[Stored items from a collection]
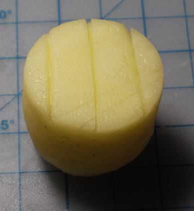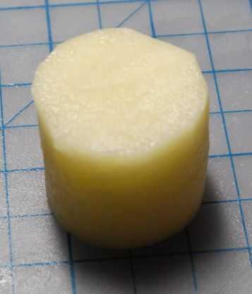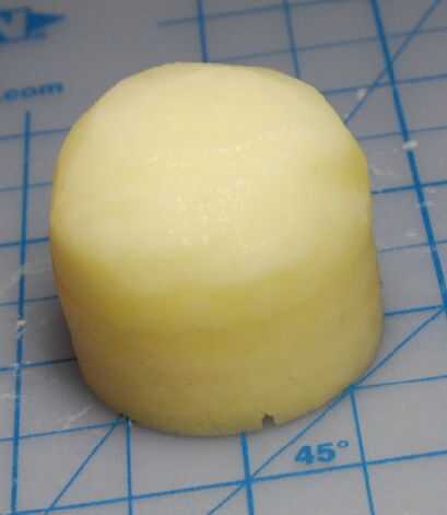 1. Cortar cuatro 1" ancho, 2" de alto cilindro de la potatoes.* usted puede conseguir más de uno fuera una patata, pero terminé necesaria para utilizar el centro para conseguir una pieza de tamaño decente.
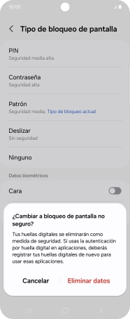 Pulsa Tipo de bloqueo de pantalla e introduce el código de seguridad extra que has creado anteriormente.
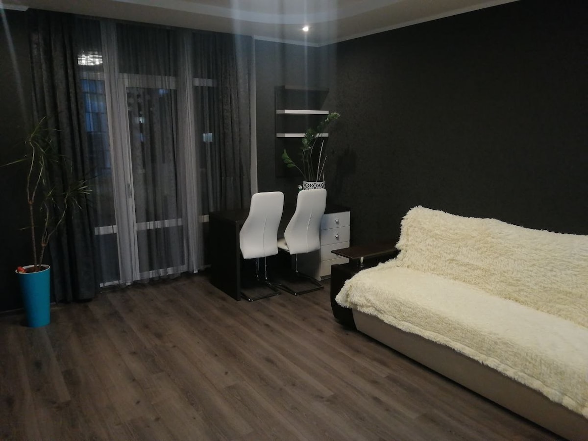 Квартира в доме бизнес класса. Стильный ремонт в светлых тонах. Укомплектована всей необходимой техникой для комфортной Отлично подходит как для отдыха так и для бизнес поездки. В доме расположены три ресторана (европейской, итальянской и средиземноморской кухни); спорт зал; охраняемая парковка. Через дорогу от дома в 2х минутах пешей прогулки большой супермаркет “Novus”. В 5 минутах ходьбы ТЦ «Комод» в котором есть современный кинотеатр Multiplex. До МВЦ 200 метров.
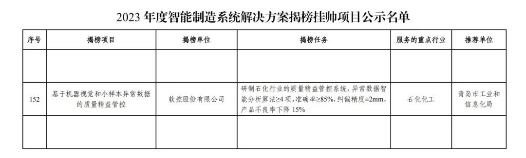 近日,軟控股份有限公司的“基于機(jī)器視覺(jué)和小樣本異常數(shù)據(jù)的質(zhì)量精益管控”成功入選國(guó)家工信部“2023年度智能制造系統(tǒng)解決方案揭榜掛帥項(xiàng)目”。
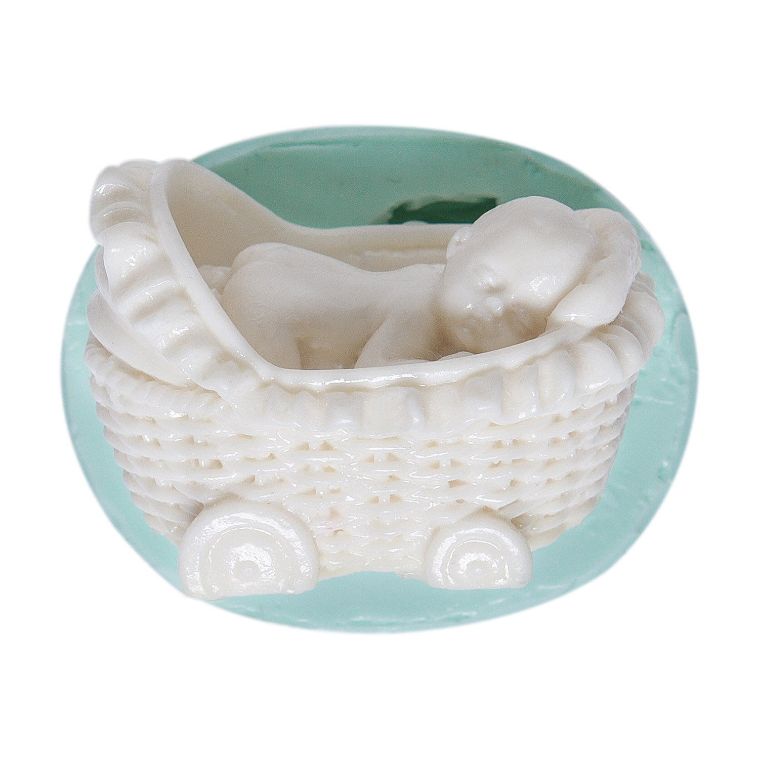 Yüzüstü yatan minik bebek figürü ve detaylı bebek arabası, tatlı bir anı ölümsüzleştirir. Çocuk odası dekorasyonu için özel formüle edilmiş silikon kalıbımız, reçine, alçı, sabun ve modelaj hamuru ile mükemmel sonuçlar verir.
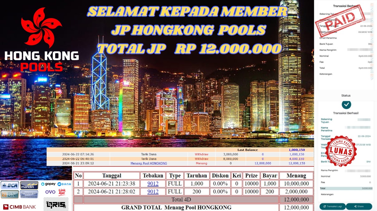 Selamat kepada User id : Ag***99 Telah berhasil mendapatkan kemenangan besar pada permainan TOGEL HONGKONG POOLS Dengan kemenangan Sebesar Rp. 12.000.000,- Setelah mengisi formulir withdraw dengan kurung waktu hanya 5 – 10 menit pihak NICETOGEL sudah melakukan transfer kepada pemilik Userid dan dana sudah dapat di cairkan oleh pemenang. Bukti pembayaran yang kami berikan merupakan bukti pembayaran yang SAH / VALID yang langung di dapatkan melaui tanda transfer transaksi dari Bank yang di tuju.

§ **Task brief**
Leave the pictures aside and output each entry exactly as it stands.

§ **Response for this exercise**
 1. Cortar cuatro 1" ancho, 2" de alto cilindro de la potatoes.* usted puede conseguir más de uno fuera una patata, pero terminé necesaria para utilizar el centro para conseguir una pieza de tamaño decente.
 Pulsa Tipo de bloqueo de pantalla e introduce el código de seguridad extra que has creado anteriormente.
 Квартира в доме бизнес класса. Стильный ремонт в светлых тонах. Укомплектована всей необходимой техникой для комфортной Отлично подходит как для отдыха так и для бизнес поездки. В доме расположены три ресторана (европейской, итальянской и средиземноморской кухни); спорт зал; охраняемая парковка. Через дорогу от дома в 2х минутах пешей прогулки большой супермаркет “Novus”. В 5 минутах ходьбы ТЦ «Комод» в котором есть современный кинотеатр Multiplex. До МВЦ 200 метров.
 近日,軟控股份有限公司的“基于機(jī)器視覺(jué)和小樣本異常數(shù)據(jù)的質(zhì)量精益管控”成功入選國(guó)家工信部“2023年度智能制造系統(tǒng)解決方案揭榜掛帥項(xiàng)目”。
 Yüzüstü yatan minik bebek figürü ve detaylı bebek arabası, tatlı bir anı ölümsüzleştirir. Çocuk odası dekorasyonu için özel formüle edilmiş silikon kalıbımız, reçine, alçı, sabun ve modelaj hamuru ile mükemmel sonuçlar verir.
 Selamat kepada User id : Ag***99 Telah berhasil mendapatkan kemenangan besar pada permainan TOGEL HONGKONG POOLS Dengan kemenangan Sebesar Rp. 12.000.000,- Setelah mengisi formulir withdraw dengan kurung waktu hanya 5 – 10 menit pihak NICETOGEL sudah melakukan transfer kepada pemilik Userid dan dana sudah dapat di cairkan oleh pemenang. Bukti pembayaran yang kami berikan merupakan bukti pembayaran yang SAH / VALID yang langung di dapatkan melaui tanda transfer transaksi dari Bank yang di tuju.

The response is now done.